# 3x3x3 BLD Accuracy?



## byu (Dec 24, 2008)

What percentage of the time when you are solving the 3x3x3 blindfolded do you actually do a completed solve?


----------



## Sa967St (Dec 24, 2008)

I found it funny how you put 0% as an option


----------



## McWizzle94 (Dec 24, 2008)

Sa967St said:


> I found it funny how you put 0% as an option



That applies to my 4x4x4 BLD stats....xD


----------



## Rubixcubematt (Dec 24, 2008)

McWizzle94 said:


> Sa967St said:
> 
> 
> > I found it funny how you put 0% as an option
> ...



lol, dw, you will get one


----------



## Ellis (Dec 24, 2008)

I find it funny that the most voted for option is infact 0%


----------



## Lucas Garron (Dec 24, 2008)

I complete almost all my solves. Now, success rate is another issue...


----------



## Dene (Dec 24, 2008)

Lucas Garron said:


> I complete almost all my solves. Now, success rate is another issue...



Lol owned. Nice one Lucas.


----------



## Ryanrex116 (Dec 24, 2008)

I haven't done a 3x3 BLD attempt.
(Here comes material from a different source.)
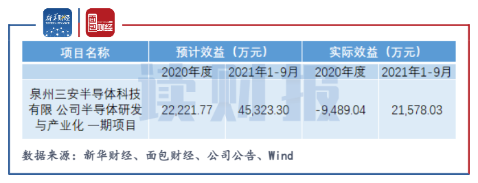 三安光電在投項(xiàng)目泉州三安一期項(xiàng)目雖已投入大量資金,但其達(dá)產(chǎn)狀態(tài)及實(shí)際收益不及預(yù)期受上交所問詢。2020年度、2021年1-9月,公司泉州三安一期項(xiàng)目預(yù)計(jì)達(dá)產(chǎn)率分別為21.19%、43.35%,實(shí)際達(dá)產(chǎn)率分別為3.73%、17.27%,達(dá)產(chǎn)情況遠(yuǎn)未及預(yù)期。

I am at 75% on 2x2 Bld. (3/4) But I take notes.


----------



## blah (Dec 24, 2008)

Lucas Garron said:


> I complete almost all my solves. Now, success rate is another issue...
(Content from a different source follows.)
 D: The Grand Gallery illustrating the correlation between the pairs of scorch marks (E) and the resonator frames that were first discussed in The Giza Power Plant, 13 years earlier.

Any progress in your 5x5x5?


----------



## Stefan (Dec 24, 2008)

If you haven't seen it yet, you might find this interesting as well:
Top 10 official Blindfold 3x3x3 recent success rate


----------



## Gnjac3 (Dec 24, 2008)

i have been working on speed more than bld


----------



## byu (Dec 25, 2008)

I've never solved a 3x3x3 blindfolded, but I'm trying.


----------



## Dene (Dec 25, 2008)

StefanPochmann said:


> If you haven't seen it yet, you might find this interesting as well:
> Top 10 official Blindfold 3x3x3 recent success rate



Lol Mr. Pochmann made a funny too.


----------



## Stefan (Dec 25, 2008)

Hmm, I don't understand.

Anyway... I can't vote here because I really don't know my success rate. I rarely do it and don't keep a log. And because it depends on what I'm going for. Speed or accuracy. My goals differ depending on whether I'm in competition, at home, or in a TV studio. That WCA statistic is nice because it provides hard data and a common environment for comparison. And it shows not just the percentage but also the corresponding speeds. Granted, it only shows the top 10, but the best are the best role models, what we should strive for, right? My hero btw is Clement with his 44 of 45.


----------



## byu (Dec 29, 2008)

I voted a while ago, but now I wish I could change my answer. I voted 0%, which was true at the time, but now I just got my first blindfold solve out of 13 attempts, meaning a 7% accuracy (I know, 13 solves isn't really enough to get a good accuracy percentage). So, if I could re-vote, I would vote 1%-9%.


----------



## brunson (Dec 29, 2008)

> *0.0000 seconds* for for 'printing the query'
> *2.3089 seconds* for for 'pure query'
> *0.0001 seconds* for for 'fetching query results'
> *0.0000 seconds* for for 'freeing the mysql result'


Is there some debugging info you need to turn off.


----------